Interpretive Summary: Mequindox and quinocetone are new synthetic antibiotics that belong to the group quinoxaline-1,4-dioxides (QDs). The general group of QDs are widely used in animal husbandry because of their high antimicrobial activity. However, these compounds are associated with reports of toxicity. There is currently no known method that can analyze for more than one of these drugs or that also can analyze for a large array of metabolites. A metabolite is a substance produced by metabolism in a living organism. There are at least 11 major metabolites identified from the metabolism of mequindox and quinocetone. The work described here resulted in the development of an analytical confirmatory multi-residue method for the analysis of mequindox, quinocetone, and their 11 known metabolites in chicken and pork tissues. The method uses liquid chromatography to separate the chemicals and then it uses mass spectrometry to obtain a definitive ID of each chemical. Mass spectrometry is a technique used for the analysis of a substance in which the molecule is subjected to bombardment by high-energy electrons or atoms to cause ionization and fragmentation to give a series of ions in the gas phase that constitutes the fragmentation pattern observed by using a mass spectrometer. The obtained pattern is usually definitive for a particular chemical. This research may result in a fast definitive method to determine the pressure of mequindox, quinoxaline, and their methods.

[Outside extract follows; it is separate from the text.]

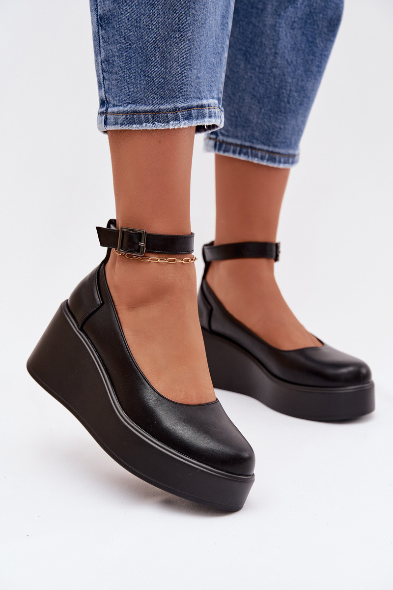 Dames zwarte platform schoenen met riempjes Belvissa

Technical Abstract: This research presents a sensitive and confirmatory multi-residue method for mequindox (MEQ), quinocetone (QCT), and their 11 metabolites in chicken and pork samples. After extracted with acetonitrile-ethyl acetate, acidulated, and extracted again with ethyl acetate sequentially, each sample was purified with C18 solid phase extraction (SPE) cartridge. Analysis was carried out on an ultra-high performance liquid chromatography tandem mass spectrometry (UPLC–MS/MS) using positive multiple reaction monitor (MRM) mode. Limit of detection (LOD) was between 0.05 and 5.20 µg/kg, while limit of quantification (LOQ) was between 0.20 and 16.0 µg/kg. Mean recoveries ranged from 69.1 to 113.3% at spike levels, with intra-day relative standard deviation (RSD) less than 11.7% and inter-day RSD less than 17.4%. This developed procedure was reliable, sensitive, and suitable for the determination of all 13 target analytes in chicken and pork samples and will benefit the control of MEQ and QCT and facilitate further pharmacokinetic and residue studies of similar Quinoxaline-1,4-dioxide veterinary drugs.